HOW TO COMPLETE THIS TASK >> Output all entries exactly as they appear and skip the pictures.

RECORDS >>
═══

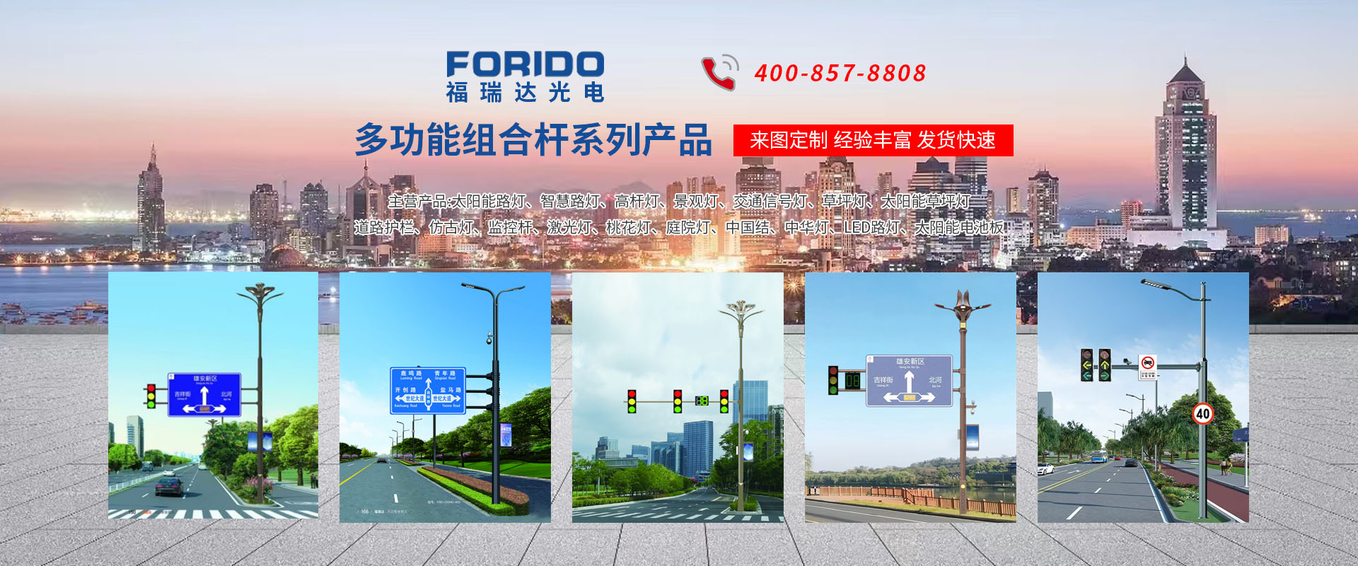 揚州福瑞達光電科技有限公司位于淮左名都歷史文化名城、中國路燈制造基地揚州市北郊菱塘工業(yè)園,公司占地面積76000平方米,注冊資金10518萬元,擁有高級技術嫻熟的員工280多人,擁有大型折彎機、激光切割、數控注塑機、壓鑄機、自動埋弧焊、氣焊、彩色粉末靜電噴塑等大型自動化設備,我公司是一家集設計、研發(fā)、生產、銷售、施工安裝服務為一體的戶外交通照明產品制造商,主要生產智慧路燈、太陽能路燈、LED路燈、高桿燈、景觀燈、交通信號燈、交通標志牌、通信鐵塔、路跨鋼結構、公交站臺、太陽能光伏組件、景點亮化、樓宇亮化工程的設計施工等。公司秉承開拓創(chuàng)新、銳意進取、精誠服務的企業(yè)精神,堅持以“誠信為本、技術為先、服務是金”的合作理念,我們憑借先進的制造工藝、優(yōu)質的產品質量、合理的市場價格和完善的售后服務贏得了廣闊的市場和客戶的信賴。 我公司已通過ISO9001質量體系認證、ISO14001環(huán)境管理體認證,CQC產品認證,中國節(jié)能產品認證,通過“CCC”強制性產品認證,具有市政總承包,照明,交安,設計等資質···
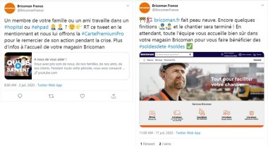 À l’image, par exemple, des récents spots corporate de Décathlon (l’une des 13 enseignes du groupe Adeo), le réseau frère Bricoman valorise le capital-sympathie de sa marque-enseigne. Mise en ligne le 27 mai dernier, une courte vidéo dévoilait une action de solidarité destinée à remercier les personnels soignants des centres hospitaliers et des Ehpad sur le front depuis le début de la crise sanitaire. Avec une promesse clients claire et sans ambiguïté : « offrir » à ceux qui ont constitué la première ligne « les avantages des “clients VIP cartés Pro” » du distributeur. Autrement dit : les quelque 35 000 clients professionnels bénéficiant du programme de fidélité Premium Pro et que revendique Bricoman à ce jour. « L’idée émane de l’interne. Mais il ne s’agissait absolument pas de surfer sur une tendance… opportuniste, confie Thomas Gonin, le responsable marketing et communication. Humblement, sans aucune prétention, le message se veut sincère et bienveillant ! ». En 1 mn 18, la vidéo postée sur Youtube entend s’adresser à tous les personnels du milieu hospitalier : les soignants, mais aussi les collaborateurs des fonctions connexes (cuisines centrales, administratif, agents d’entretien et de nettoyage, etc.). Voire plus ! « En fonction de la sensibilité de chaque leader local [directeur de dépôt Bricoman], les pompiers, les policiers, les gendarmes… : bref, tous ceux qui se sont largement investis et battu au quotidien durant la crise sanitaire pour prendre soin de nos familles, nos amis, nos collègues », poursuit le manager.
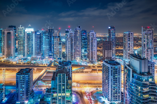 © Funny Studio, Obraz premium Scenic nighttime skyline of big modern city. Aerial view on skyscrapers and highways of Dubai Marina, UAE. Multicolored travel background.
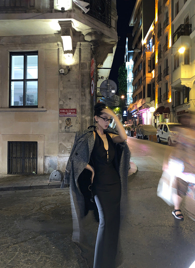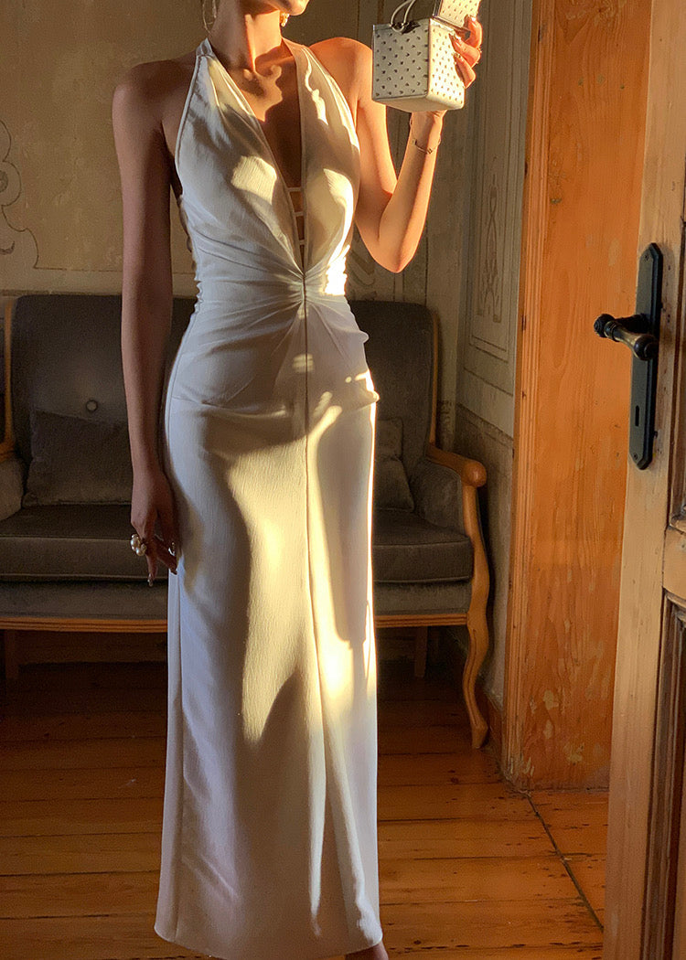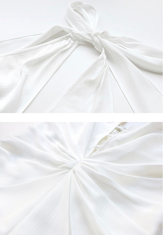The adjustable halter neckline ties gently at the back, shaping the shoulders and subtly refining the bust. We placed three inner hook-and-loop fasteners along the front to keep everything secure and discreet.
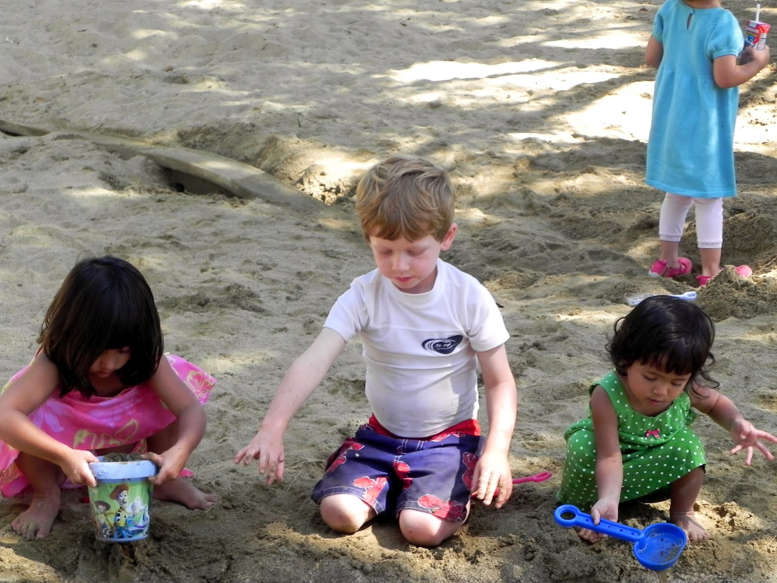 "Nana Kreditor" Papa, and Lucy show Henry how to float his boat.
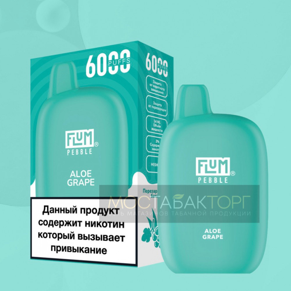 FLUM видыPebble | FLUM вкусыАлоэ Виноград | FLUM количество в блоке10 шт |
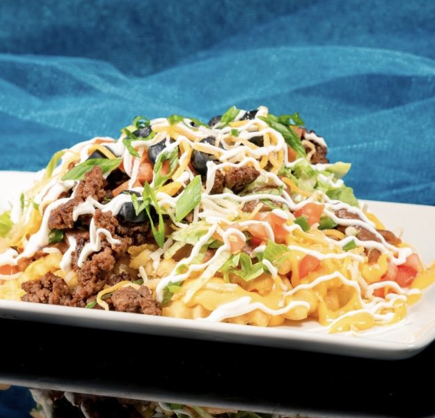 We aren’t stopping there, though. You can also find Loaded Taco Fries at Galactic Grill. This dish consists of crinkle-cut fries topped with refried beans, seasoned ground beef, spiced cheese sauce, shredded lettuce, tomatoes, olives, green onions, and a sour cream drizzle.
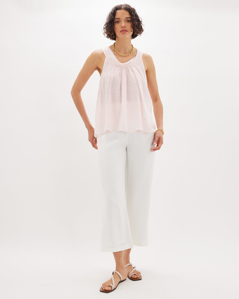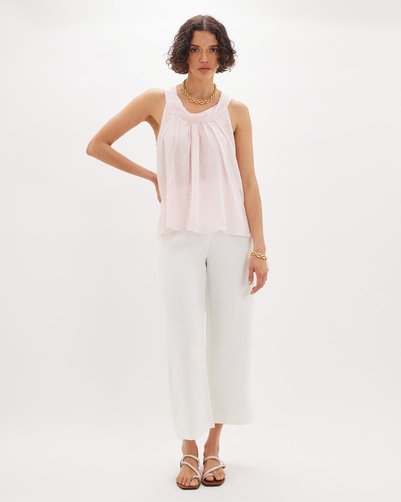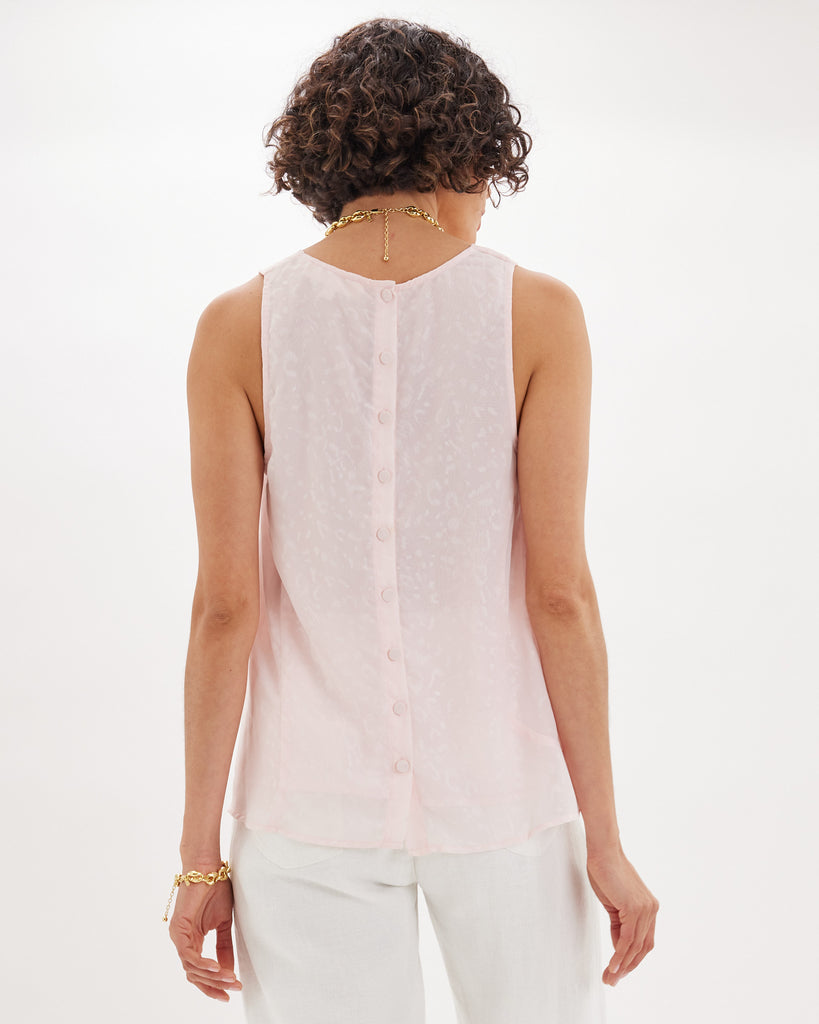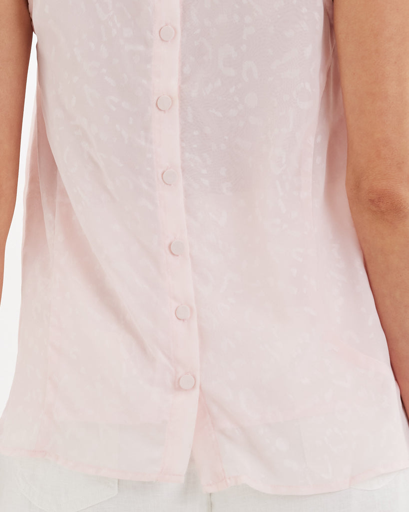 The Leandra Sleeveless Top is a lightweight, feminine piece featuring soft pleats and a subtle leopard jacquard. Designed with a round neckline and button-back closure, it offers an airy silhouette ideal for relaxed dressing.

═══

WORKED SOLUTION >>
 揚州福瑞達光電科技有限公司位于淮左名都歷史文化名城、中國路燈制造基地揚州市北郊菱塘工業(yè)園,公司占地面積76000平方米,注冊資金10518萬元,擁有高級技術嫻熟的員工280多人,擁有大型折彎機、激光切割、數控注塑機、壓鑄機、自動埋弧焊、氣焊、彩色粉末靜電噴塑等大型自動化設備,我公司是一家集設計、研發(fā)、生產、銷售、施工安裝服務為一體的戶外交通照明產品制造商,主要生產智慧路燈、太陽能路燈、LED路燈、高桿燈、景觀燈、交通信號燈、交通標志牌、通信鐵塔、路跨鋼結構、公交站臺、太陽能光伏組件、景點亮化、樓宇亮化工程的設計施工等。公司秉承開拓創(chuàng)新、銳意進取、精誠服務的企業(yè)精神,堅持以“誠信為本、技術為先、服務是金”的合作理念,我們憑借先進的制造工藝、優(yōu)質的產品質量、合理的市場價格和完善的售后服務贏得了廣闊的市場和客戶的信賴。 我公司已通過ISO9001質量體系認證、ISO14001環(huán)境管理體認證,CQC產品認證,中國節(jié)能產品認證,通過“CCC”強制性產品認證,具有市政總承包,照明,交安,設計等資質···
 À l’image, par exemple, des récents spots corporate de Décathlon (l’une des 13 enseignes du groupe Adeo), le réseau frère Bricoman valorise le capital-sympathie de sa marque-enseigne. Mise en ligne le 27 mai dernier, une courte vidéo dévoilait une action de solidarité destinée à remercier les personnels soignants des centres hospitaliers et des Ehpad sur le front depuis le début de la crise sanitaire. Avec une promesse clients claire et sans ambiguïté : « offrir » à ceux qui ont constitué la première ligne « les avantages des “clients VIP cartés Pro” » du distributeur. Autrement dit : les quelque 35 000 clients professionnels bénéficiant du programme de fidélité Premium Pro et que revendique Bricoman à ce jour. « L’idée émane de l’interne. Mais il ne s’agissait absolument pas de surfer sur une tendance… opportuniste, confie Thomas Gonin, le responsable marketing et communication. Humblement, sans aucune prétention, le message se veut sincère et bienveillant ! ». En 1 mn 18, la vidéo postée sur Youtube entend s’adresser à tous les personnels du milieu hospitalier : les soignants, mais aussi les collaborateurs des fonctions connexes (cuisines centrales, administratif, agents d’entretien et de nettoyage, etc.). Voire plus ! « En fonction de la sensibilité de chaque leader local [directeur de dépôt Bricoman], les pompiers, les policiers, les gendarmes… : bref, tous ceux qui se sont largement investis et battu au quotidien durant la crise sanitaire pour prendre soin de nos familles, nos amis, nos collègues », poursuit le manager.
 © Funny Studio, Obraz premium Scenic nighttime skyline of big modern city. Aerial view on skyscrapers and highways of Dubai Marina, UAE. Multicolored travel background.
The adjustable halter neckline ties gently at the back, shaping the shoulders and subtly refining the bust. We placed three inner hook-and-loop fasteners along the front to keep everything secure and discreet.
 "Nana Kreditor" Papa, and Lucy show Henry how to float his boat.
 FLUM видыPebble | FLUM вкусыАлоэ Виноград | FLUM количество в блоке10 шт |
 We aren’t stopping there, though. You can also find Loaded Taco Fries at Galactic Grill. This dish consists of crinkle-cut fries topped with refried beans, seasoned ground beef, spiced cheese sauce, shredded lettuce, tomatoes, olives, green onions, and a sour cream drizzle.
 The Leandra Sleeveless Top is a lightweight, feminine piece featuring soft pleats and a subtle leopard jacquard. Designed with a round neckline and button-back closure, it offers an airy silhouette ideal for relaxed dressing.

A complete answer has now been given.